Bioinformatics, is contributing to the usefulness of the
information generated by the genome projects with the development
of methods to search databases quickly, to analyze nucleic acid
sequence information, and to predict protein sequence, structure
and correlate gene function information from DNA sequence data.
Comparisons of multiple sequences can reveal gene functions that
are not evident in any single sequence. Web-based searches of
several collections of amino acid sequence motifs can elucidate
particular structural or functional elements.
[0006] Biological sequence databases, though, contain many repeated
and redundant sequences or sequence fragments. These repeated and
redundant sequences or sequence fragments have been deposited in
the public sequence repository databases as many as three or more
times. Sequences may be deposited redundantly because often
researchers from different laboratories determine the sequences of
the same gene or chromosome segment from the same or closely
related species. Some identical or closely related sequences have
been deposited approximately 10.sup.3 times in the biological
sequence databases. Repeated sequences appear naturally in the
DNA/RNA and are deposited as part of a whole sequence or fragment.

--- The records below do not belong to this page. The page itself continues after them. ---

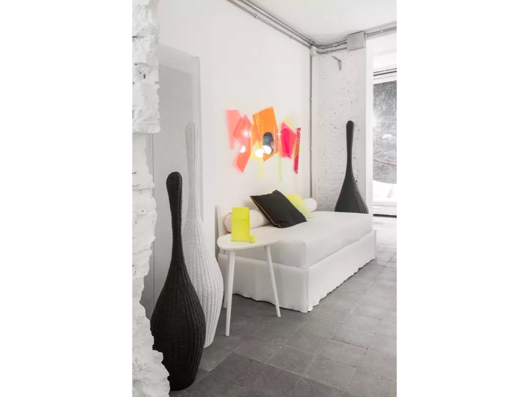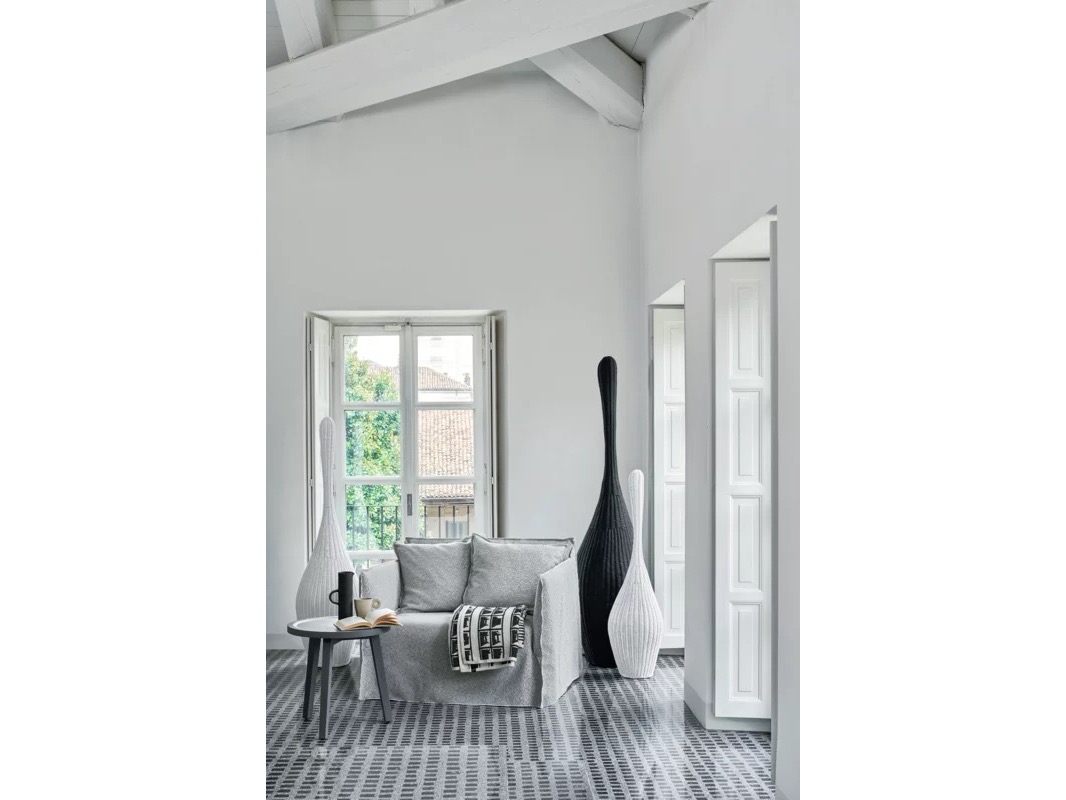Bolla to rodzina lamp wykonanych w całości z naturalnego melanżu wikliny w kolorze białym, szarym, czarnym, oceanicznym lub gołębim szarym. Kształt lampy przypomina butelkę. Produkty wyróżnia piękno naturalnego splotu włókien połączone z oryginalnym wzornictwem, które nadaje im charakteru i wyjątkowości. Dostępny w różnych rozmiarach, od S do XL, mebel, który można stosować pojedynczo lub w kombinacjach dla jeszcze bardziej sugestywnego efektu.
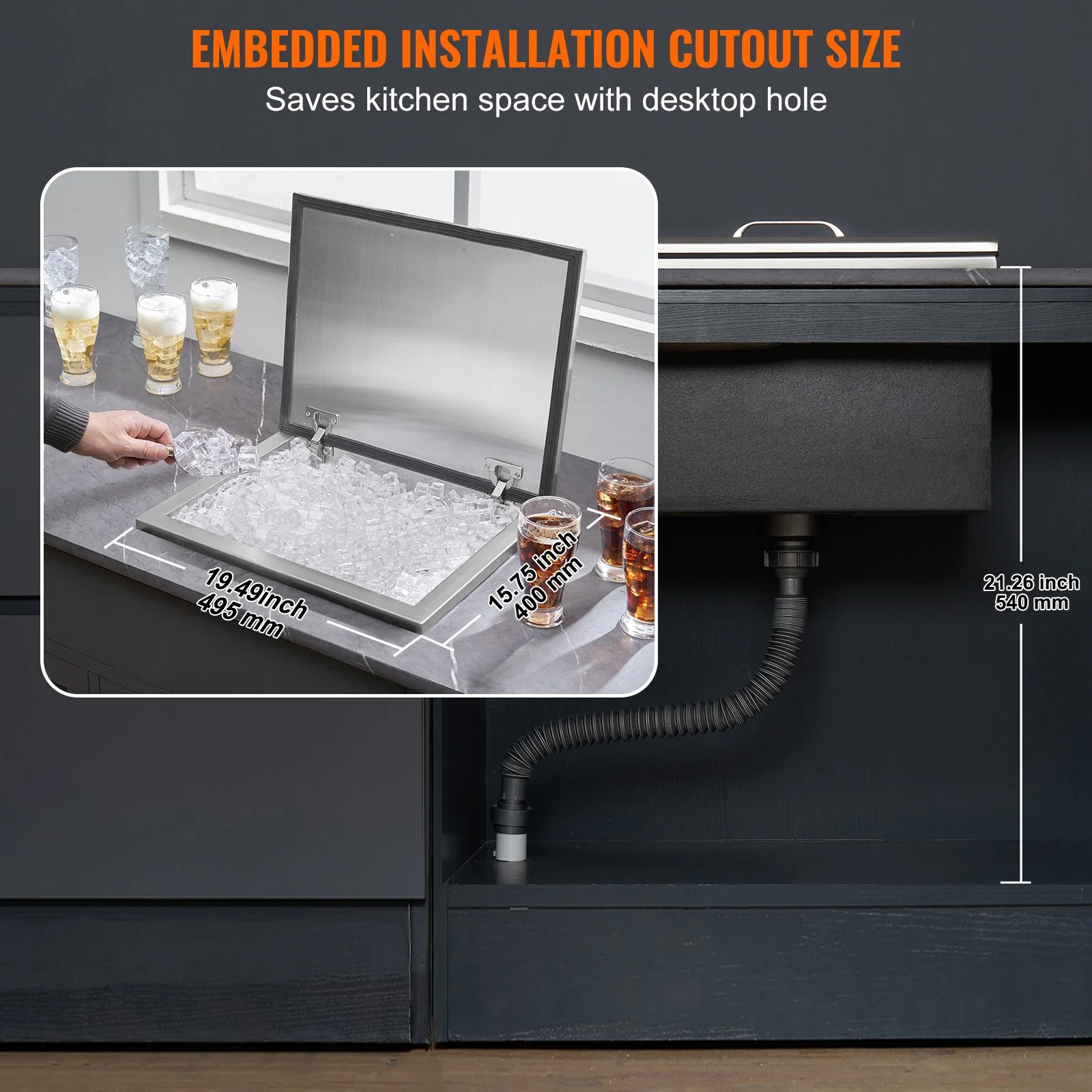 The ice storage chest can be installed in beverage stores, hotels, or bar counters. Also suitable for indoor and outdoor kitchen counters. The embedded installation saves significant space.
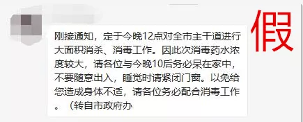 傳言稱,深圳定于今晚12點對全市主干道進(jìn)行大面積消殺、消毒工作。因消毒藥水濃度較大,請市民于今晚10點后務(wù)必待在家中,不要隨意出入,睡覺時請緊閉門窗。
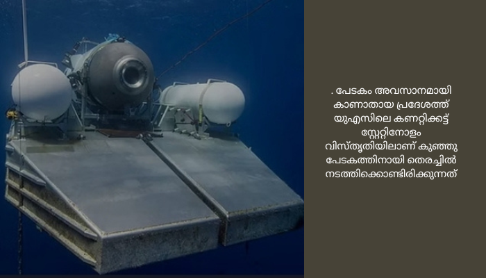 കടലിനടയിലേക്ക് നാലു കിലോമീറ്റർ വരെ ആഴത്തിൽ (13,200 അടി) തെരച്ചിൽ തുടരുകയാണെന്ന് യുഎസ് കോസ്റ്റ് ഗാർഡ് അറിയിച്ചു. പേടകം അവസാനമായി കാണാതായ പ്രദേശത്ത് യുഎസിലെ കണറ്റിക്കട്ട് സ്റ്റേറ്റിനോളം വിസ്തൃതിയിലാണ് കുഞ്ഞു പേടകത്തിനായി തെരച്ചിൽ നടത്തിക്കൊണ്ടിരിക്കുന്നത്.
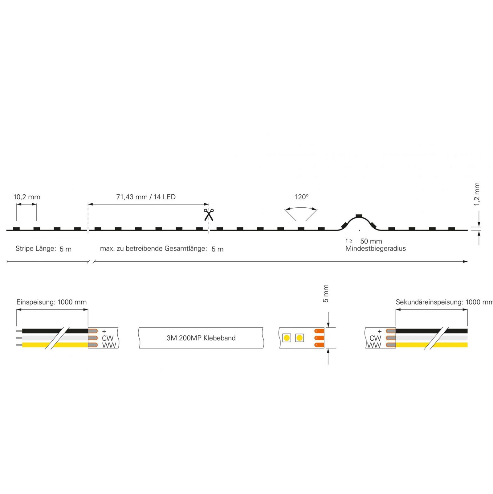 La striscia ha un angolo di luce diffuso di 120 gradi con una resa cromatica maggiore di 90 indice di qualità - Per gestire tutte le funzioni e per cambiare la temperatura luce, la striscia necessita di una centralina CCT (non inclusa), attraverso la centralina è possibile anche dimmerare l'intensità della luce. Possibilità di collegarla a centraline WiFi per gestirla da remoto o tramite gli assistenti vocali.
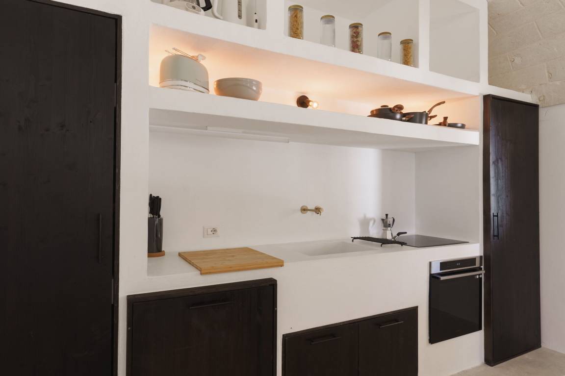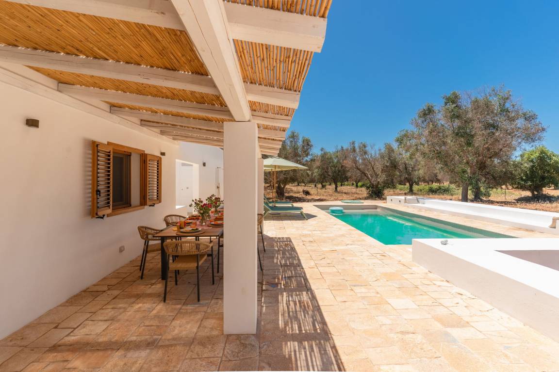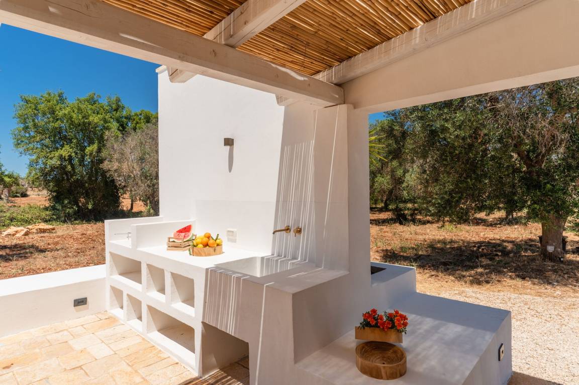 Wohnküche: gut ausgestattete Küche, Esstisch, Spülmaschine, Kühlschrank, Tiefkühler, Mikrowelle, Herd, Ofen, Waschmaschine, Sofa, WiFi Internet, Klimaanlage, Ausgang auf den Patio, Ausgang auf die Veranda.
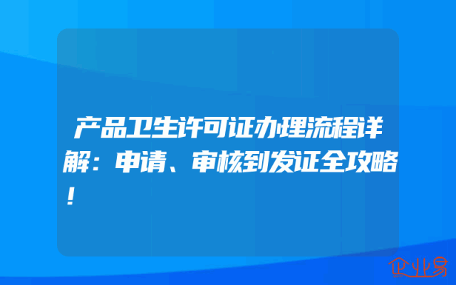 - 产品卫生许可证办理流程详解:申请、审核到发证全攻略!
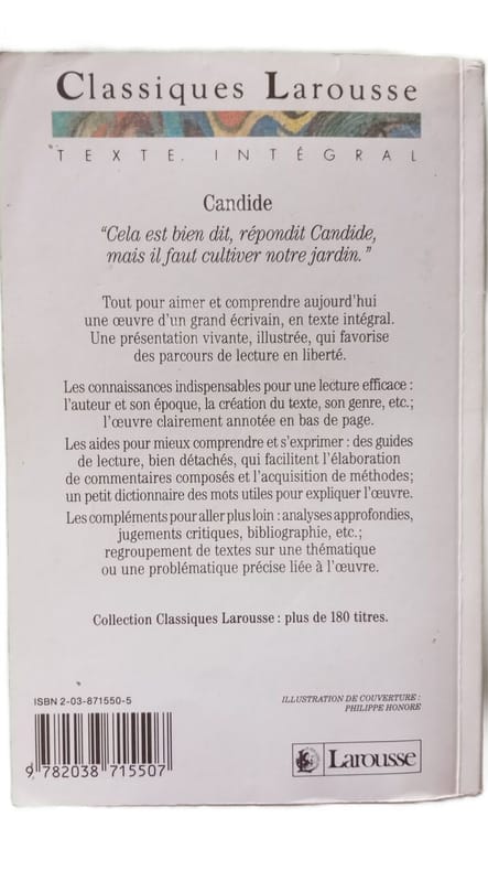 Larousse 2010 175 pages poche. 2010. Broché. 175 pages. Que signifie ce nom " Candide " innocence de celui qui ne connaît pas le mal ou illusion du naïf qui n'a pas fait l'expérience du monde ? Voltaire joue en 1759 après le tremblement de terre de Lisbonne sur ce double sens. II nous fait partager les épreuves fictives d'un jeune homme simple confronté aux leurres de l'optimisme mais qui n'entend pas désespérer et qui en vient à une sagesse finale mesurée et mystérieuse. Candide n'en a pas fini de nous inviter au gai savoir et à la réflexion. Avant d'aborder l'œuvre : fiche d'identité de l'auteur ; repères chronologiques ; fiche d'identité de l'œuvre ; l'œuvre dans son siècle ; lire Candide aujourd'hui. Pour approfondir : clefs de lecture ; genre action personnages ; l'œuvre : origines et prolongements ; l'œuvre : son courant ses tendances ; vers le bac : écrit oral ; outils de lecture ; bibliographie et filmographie
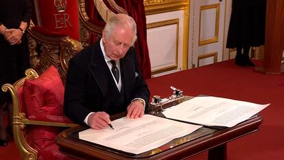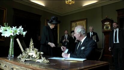Le sucedió el sábado durante la firma de su proclamación como Rey en el Palacio de Saint James de Londres. Ha vuelto a pasarle este martes en Irlanda del Norte. Carlos III solo tenía que firmar el documento, pero la misión resulta más que complicada por la actitud de la pluma. El sábado ocupaban demasiado espacio en la mesa. Este martes el problema ha sido la tinta, que no se ha contenido en su recipiente y ha empezado a salir de forma discreta por las ranuras del artefacto. Ha sido la reina consorte la que ha advertido a su marido del peligro. El Rey ha reaccionado con vehemencia contra la “maldita” tinta. Ha sido el remate a una ceremonia, aparentemente simple, que ya ha comenzado mal. El nuevo rey se ha equivocado de fecha al firmar, así que ha tenido que corregir sobre la marcha. Todo esto ha sucedido en el castillo de Hillsborough. En el vídeo que encabeza la noticia se puede ver la secuencia completa. Al pie de este texto está incluido el resumen de la ceremonia del sábado, en la que Carlos III tuvo su primer “encontronazo” con los útiles de la escritura
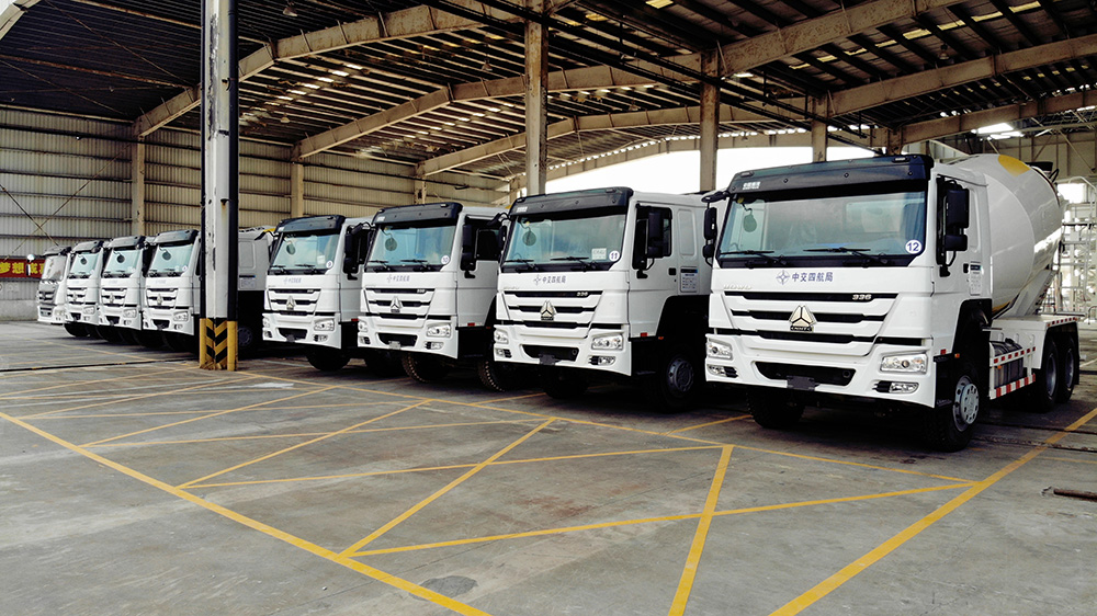 整齊劃一的水泥罐車

In addition, a variety of experimental protocols contribute to the
increase of contamination sequences deposited in databases. Because
of such contamination, some chimeric sequences produced from
different genes of different species (yeast, bacteria, etc.) may be
present.
[0007] With the thousands of sequences or sequence fragments being
added to the databases everyday there is a need for a faster, more
efficient means of searching these sequences for Unique Sequences
that have never been identified before. Redundancies in the
currently available DNA/RNA databases render the systematic
analysis of similarity or homology between DNA/RNA sequences
impractical both in terms of computation and time. The conventional
bioinformatic algorithms available do not address this problem.
SUMMARY OF THE INVENTION
[0008] The disclosure teaches a method for identifying Unique
Sequences within Redundant Sequence Database Files (RED FILES) via
a Region Definition and Unique Sequence Identification procedure.
Sequences from the RED FILES can be searched and rendered more
useful by first identifying sequence regions that define Unique
Sequences or fragments of sequences within the Query. Subsequently,
such identified Unique Sequences or sequence fragments can be
stored in a separate Unique Sequence Database File (UNIQUE
FILE).
[0009] One aspect of the invention is a database of unique
nucleotide sequences comprising nucleotide sequences greater the
100 nucleotides in length.
[0010] Another aspect of the invention is a method for generating a
database of sequences that are greater than or equal to 100
nucleotides in length, wherein each sequence is entered into the
database only one time. The method of generating a Unique Sequence
database has the following steps: a) selecting a query sequence
from a redundant database; b) masking said query sequence with
known repeat sequences; c) comparing said masked query sequence
with identified unique sequences; d) identifying a unique portion
of the query sequence that does not have a similar sequence in any
of the identified unique sequences; and e) adding the unique
portion of the query sequence to a unique database.
[0011] Yet another aspect of the invention is a method for
identifying unique nucleotide sequences comprising: a) selecting a
query sequence from a redundant database file; b) comparing the
query sequence with a repeat database file and a unique database
file; c) analyzing the results of the comparison of the query
sequence with the repeat database file and the unique database file
to determine if there is one or more nucleotide sequences within
the repeat database file and the unique database file that match a
nucleotide sequence within the query sequence; and d) identifying
any unique nucleotide sequences within the query sequences that do
not match any nucleotide sequence within the repeat database file
and the unique database file.
[0012] The foregoing has outlined rather broadly the features and
advantages of the present invention in order that the detailed
description of the invention that follows may be better understood.
Additional features and advantages of the invention will be
described hereinafter which form the subject of the claims of the
invention.
BRIEF DESCRIPTION OF THE DRAWINGS
[0013] The novel features which are believed to be characteristic
of the invention will be better understood from the following
detailed description, in conjunction with the accompanying
drawings.
[0014] FIG. 1A. Illustrates a preferred ordering of subsets of
Redundant Sequence Database Files (RED FILES).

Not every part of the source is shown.